Tech & Society

WeWork: India’s introduction to the enigmatic co-working space

WeWork has grown to a valuation of $20 billion since it started as a co-working space seven years ago, and is now set to expand its India operation sticking with its boutique style.

Announcement

WeWork announced their introduction to India last year and have so far opened offices in Bengaluru and Mumbai. After an investment of $4.4 billion by Japan’s SoftBank, the company is set to expand it’s India operation from 4,000 seats currently to 10,000 by February. The next move is to sign a lease with Blackstone Group for 60,000 sq. ft of office space at Vikhroli in Mumbai.

The company will expand its co-working space model including hot desks, dedicated desks, and private offices within the range of Rs 18K to Rs 40.2K per month to a further 12-15 locations over the next 12-18 months.

Having started a business model based on real estate in 2010, just after the financial collapse, WeWork now boasts clients like Microsoft and Amazon. They now have 95 locations in 21 countries, and are planning to take on a partnership model in India. The founders started off by asking themselves, if there are beautiful boutique hotels and restaurants why can’t there be workplaces like that too?

“We would prefer a partnership because it is important to have someone who understands the local market. Our design and ethos remain constant almost throughout, but some kind of localisation is required in every market. Having a local partner definitely helps,” Miguel Mckelvey, Co- founder and Chief Cultural Officer of WeWork said at a press conference.

Background

WeWork have an interesting past, an interesting take on running a business and more interesting ideas to come. I worked in a WeWork office for nearly a year and become worryingly used to the availability of meeting rooms, free coffee and beer, relaxed and practical working space, and comfortable decor.

This is a company which hosts a festival once a year for its employees around the world, it has a feel about it unlike any other which, according to an interview in Fast Company, even co-founder and CEO Andy Neumann can’t really describe it. “It can’t exactly be touched,” he says. “It’s a feeling.”

The interview goes on to mention the moment when Neumann met his wife, Rebekah Paltrow, when he was too broke to buy lunch, smoking too many cigarettes, drinking too much soda and carrying around an overflowing suitcase of baby clothes from one of his earlier ideas.

“Stop. No more talking about money,” she reportedly told him. “We’re going to talk about wellness, happiness, fulfillment, and if the money is supposed to follow, it will. And if it doesn’t, it doesn’t matter, because we will be happy and fulfilled.” It was from these values that WeWork sprung, and four years later it had 200 employees, 1.5 million sq. ft of space, 10,000 members and 60% gross margin.
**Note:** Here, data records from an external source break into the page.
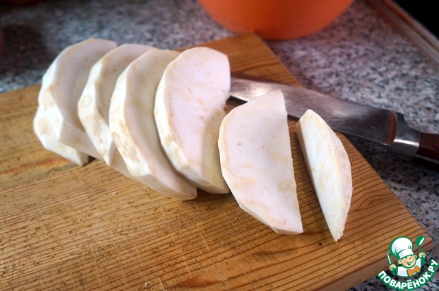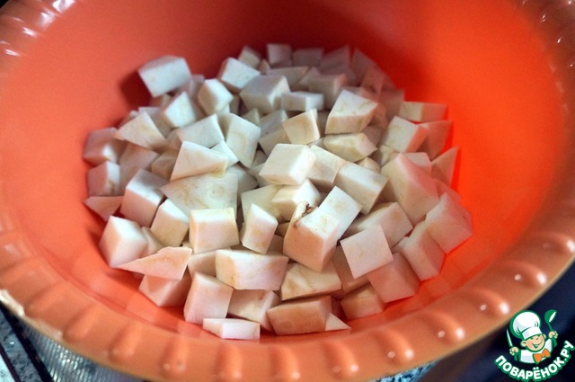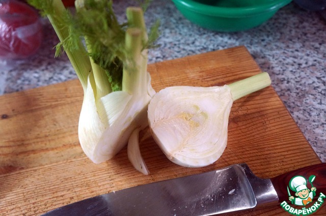 От клубня фенхеля отрезать треть – больше не понадобится. Порезать его очень мелко.
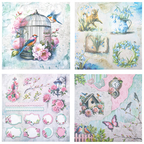 Бумага для скрапбукинга 30х30 см "Весна", двусторонняя, 12 листов, 180 г/м2, ОСТРОВ СОКРОВИЩ, 665439
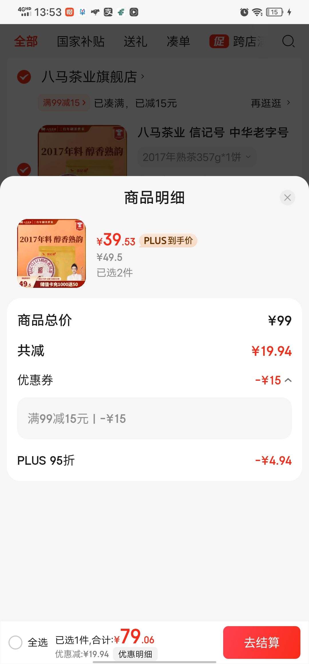 满99元减15元

Even now one of Neumann’s three key pieces of advice is that good intentions get you a $1 billion valuation rather than the other way around. They’ve got him a $20 billion valuation, after their $4.4 billion SoftBank investment which was first conceived and playfully signed on a napkin in a restaurant.

WeWork’s other co-founder, Miguel McKelvey has a role as chief culture officer. He e-mailed every employee last year to ask: if we paid you a bonus, what would you do with? Travel and helping others were two themes of the responses, in the end 190 people were given the option of their chosen experience being paid for as their bonus or taking the cash – 98% chose the experience.

The location of the value of their business confounds many onlookers. They’re business is based on real estate for their offices, technology for the way the offices work and culture for the way they feel. Both simple and complex. Meanwhile they push ahead with a new plan to create a shared living space.

The new project, WeLive, has it seeds many years ago when Neumann first moved to New York. He was living with his sister and noticed no one in her block of flats talked to one another, so he started a competition with her to see how many friends they could each make. She won, but the whole culture of the building changed. And it’s this priority of sociability which makes it into both WeLive and WeWork.

“What will make you energized and motivated, to be awesome today?” McKelvey told Wired. “Is it an awesome shower in the morning, is it a great breakfast, is it a beautiful view? Or is it all of those things together. Do you prefer to watch a movie on an iPad by yourself, or in a room full of 50 people? You need to be able to enter these kind of social experiences with options.”

Ben Allen

Ben Allen is a traveler, a writer and a Brit. He worked in the London start-up world for a while but really prefers commenting on it than working in it. He has huge faith in the tech industry and enjoys talking and writing about the social issues inherent in it's development.